Mein Mann hat die Lebenslust verloren
- Viele Männer haben große Angst vor finanziellen Krisen und arbeiten deshalb zu viel. Ist diesen Männern bewusst, dass sie durch die viele Arbeit das Familienleben riskieren, das sie zu schützen versuchen?
- Wenn mein Mann spätabends nach Hause kommt und nur noch erschöpft auf der Couch sitzt, bevor er wenig später ins Bett geht - was kann ich tun?
- Welche Möglichkeiten bleiben mir, wenn er jedes Gespräch zur Situation verweigert?
- Wann ist es Zeit, eine Beziehung zu einem Mann ohne Lebenslust aufzugeben?
Viele verzweifeln, weil ihre Liebe nicht ausreicht, den Partner zu heilen
Er spricht kaum noch, er lacht nicht mehr, sein Gesicht sieht ganz grau aus.
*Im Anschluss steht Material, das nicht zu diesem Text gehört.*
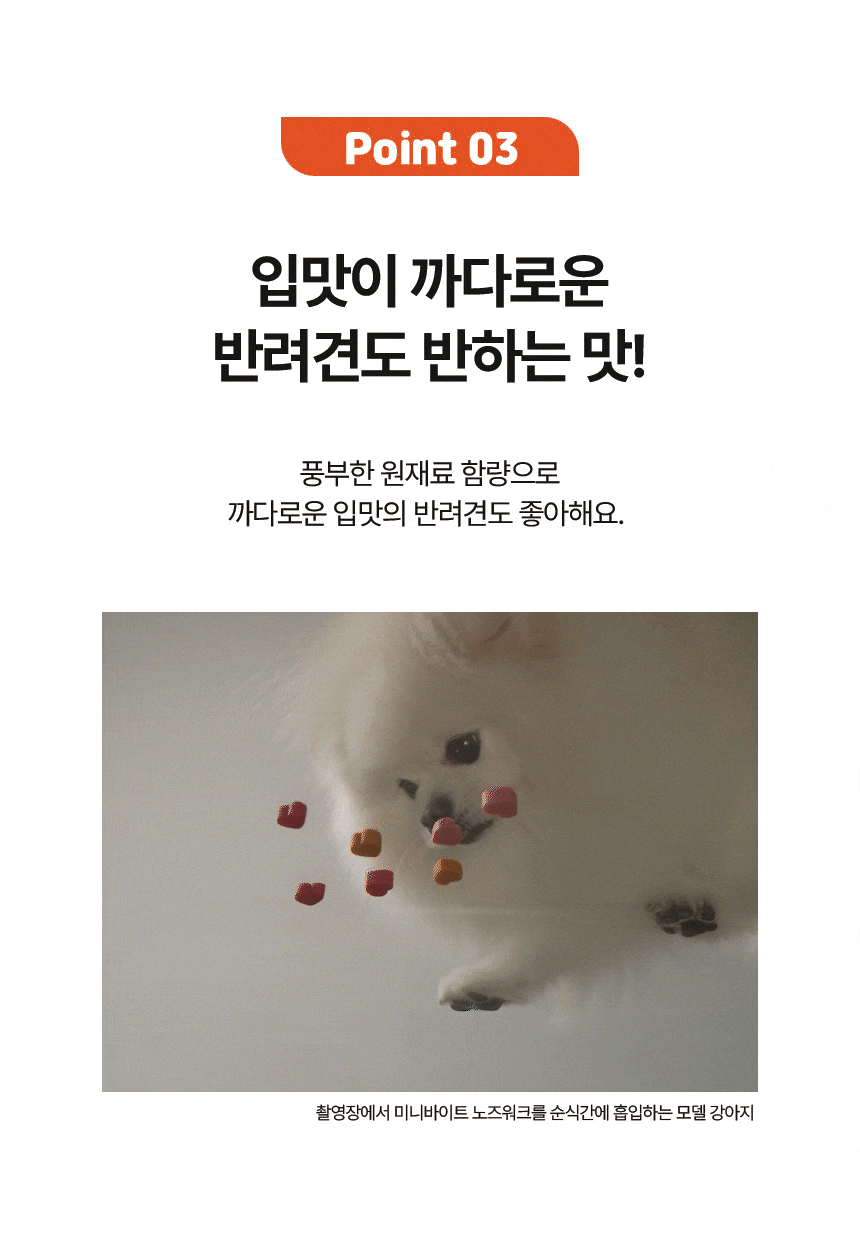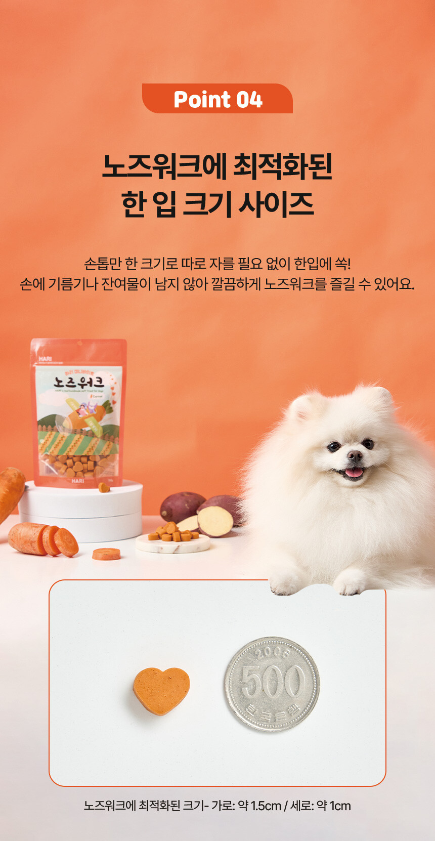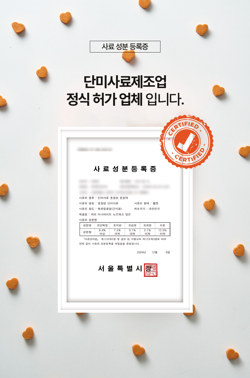 전 성분: 당근, 농축당근분말, 콩, 고구마전분, 타피오카전분, EPA 및 DHA 함유유지, 식용글리세린
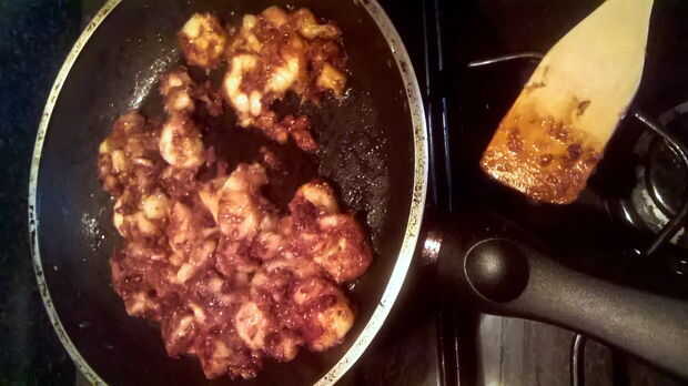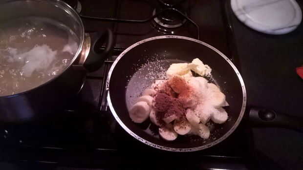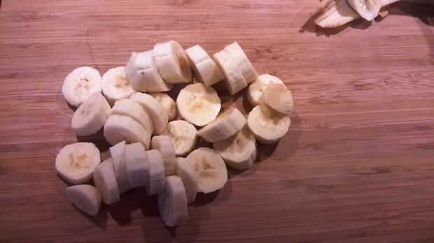 Luego corte dos plátanos en rodajas. Ponerlos en una bandeja. Agregar suficiente mantequilla, coco rallado, cacao (que habría utilizado el cacao puro en polvo, pero sólo había polvo de bebida de cacao instantáneo, que también contiene azúcar y toneladas de todas las cosas que ponen en los alimentos industriales sin razón aparente) y Cayena/guindilla al gusto. Añadir suficiente por lo que se siente, ¿por qué ponerlo en otra manera? No es necesario añadir azúcar, los plátanos son lo suficientemente dulces para sí mismos.
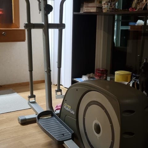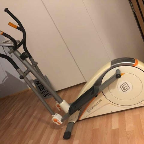 Kuntopyörä, jossa harmaa runko ja oranssit kahvat. Näyttö mykkä. Sopii kotikäyttöön kuntoiluun ja kestävyysharjoitteluun.
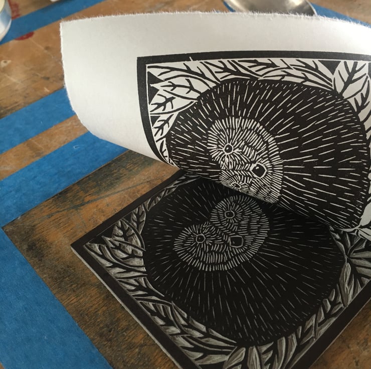 "Hedgehog" is created using the relief printmaking method of linocut printing. As each print is created by hand there may be tiny variations which add to the individual beauty of each original artwork. "Hedgehog" is printed onto Okawara 51gsm printmaking paper from Awagami Factory in Japan.
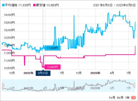 価格.comでベアドライブであるDT02ABA600Vの価格を見てみると、過去2年間での最安値が2022年の3月で10,680円。平均価格が11,933円で、これを書いている2023年8月9日現在の最安値は12,078円のようです。
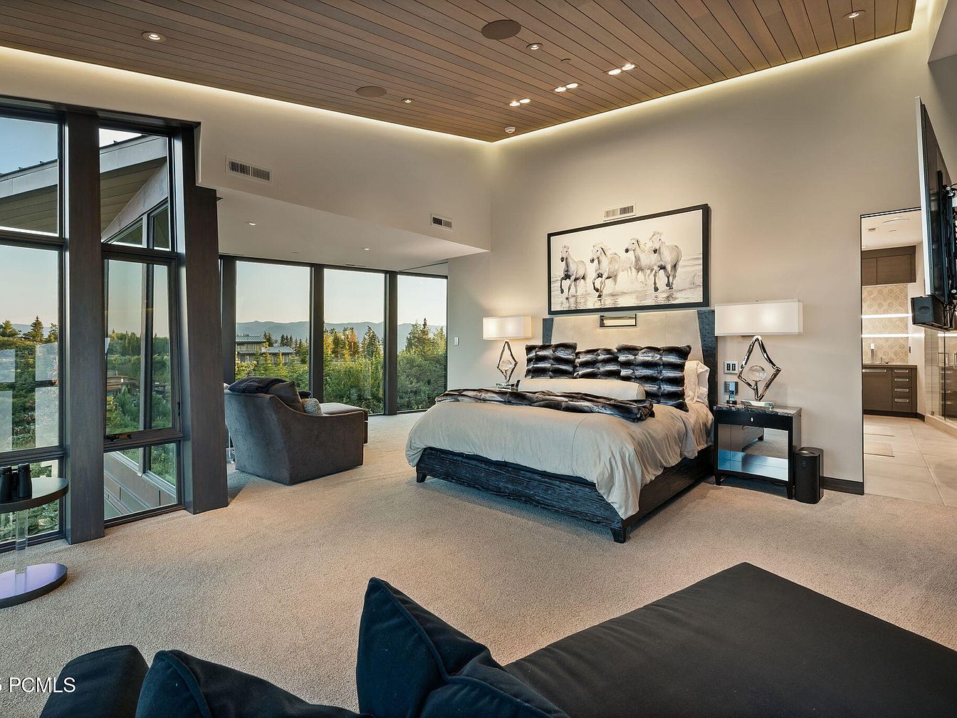 Spacious master bedroom featuring floor-to-ceiling windows that flood the room with natural light and offer stunning outdoor views. The layout includes a sitting area with comfortable armchairs, making it an inviting spot for reading or family relaxation. The décor showcases a neutral color palette with soft beige carpeting, sleek black furnishings, and a statement bed adorned with coordinated pillows. Modern touches, like metallic nightstands with unique lamps, add flair, while the wood-paneled ceiling and recessed lighting enhance warmth and sophistication. Family-friendly features include open space for movement and easy access to the ensuite bathroom, creating a peaceful sanctuary for both privacy and connection.
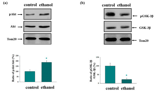 It is well known that protein kinases participate in different signaling pathways in the mitochondria. In particular, it was reported that the serine/threonine kinases GSK-3β and Akt are involved in the molecular pathophysiology of many mitochondria-related diseases and pathological conditions, such as Alzheimer’s disease and Parkinson’s disease, and also numerous pathologies of the heart [44,45]. Here, we examined whether chronic ethanol exposure has an effect on the amount and phosphorylation level of mitochondria-associated GSK-3β and Akt. Panel 1a illustrates an almost two-times increase in the level of Akt phosphorylation in Ethanol RLM (rat liver mitochondria isolated from rats subjected to chronic ethanol intoxication) compared to the Control RLM. At the same time, the level of phosphorylation of GSK-3β under the same conditions was five times lower (see the lower part of Figure 1b).
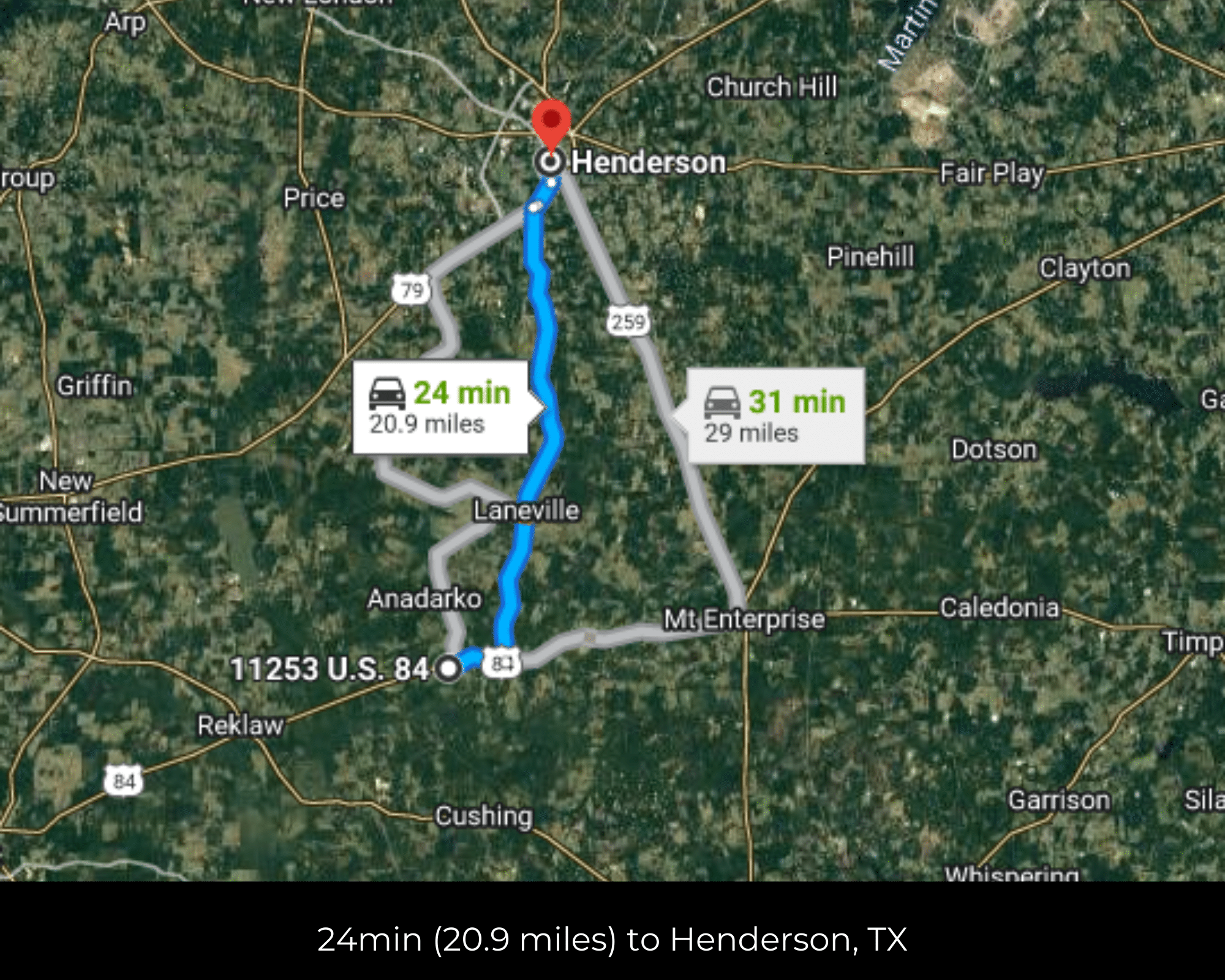 25 min (20.9 miles) to Henderson, TX Population: 13,109 (about)

Wenn Männer die Lust am Leben verlieren, brauchen sie dringend Hilfe. Es könnte eine Depression sein.
Wenn er nach Hause kommt, sinkt er nur noch ermattet auf die Couch. Fernseher an, Schweigen. Ihr Liebesleben existiert schon lange nicht mehr, wie ein Kuss sich anfühlt - vergessen.
Immer wieder passiert es, dass Männer sich in den Mühlen des Alltags aufreiben und vor lauter Pflichten vergessen, sich um sich selbst und auch ihre Lebensgefährtin zu kümmern. Wie es gelingen kann, so eine Situation zu verändern und die Freude zurück ins gemeinsame Leben zu holen, haben wir zwei Experten gefragt: eine Ärztin für Neurologie und einen Beziehungsoach.
Zwei Experten beantworten unsere Fragen
Wir lassen Dr. med. Christa Roth-Sackenheim (Ärztin für Neurologie und Psychiatrie) und Eric Hegmann (Parship-Beziehungsexperte) abwechselnd auf unsere Fragen antworten:
Viele Männer haben große Angst vor finanziellen Krisen und arbeiten deshalb zu viel. Ist diesen Männern bewusst, dass sie durch die viele Arbeit das Familienleben riskieren, das sie zu schützen versuchen?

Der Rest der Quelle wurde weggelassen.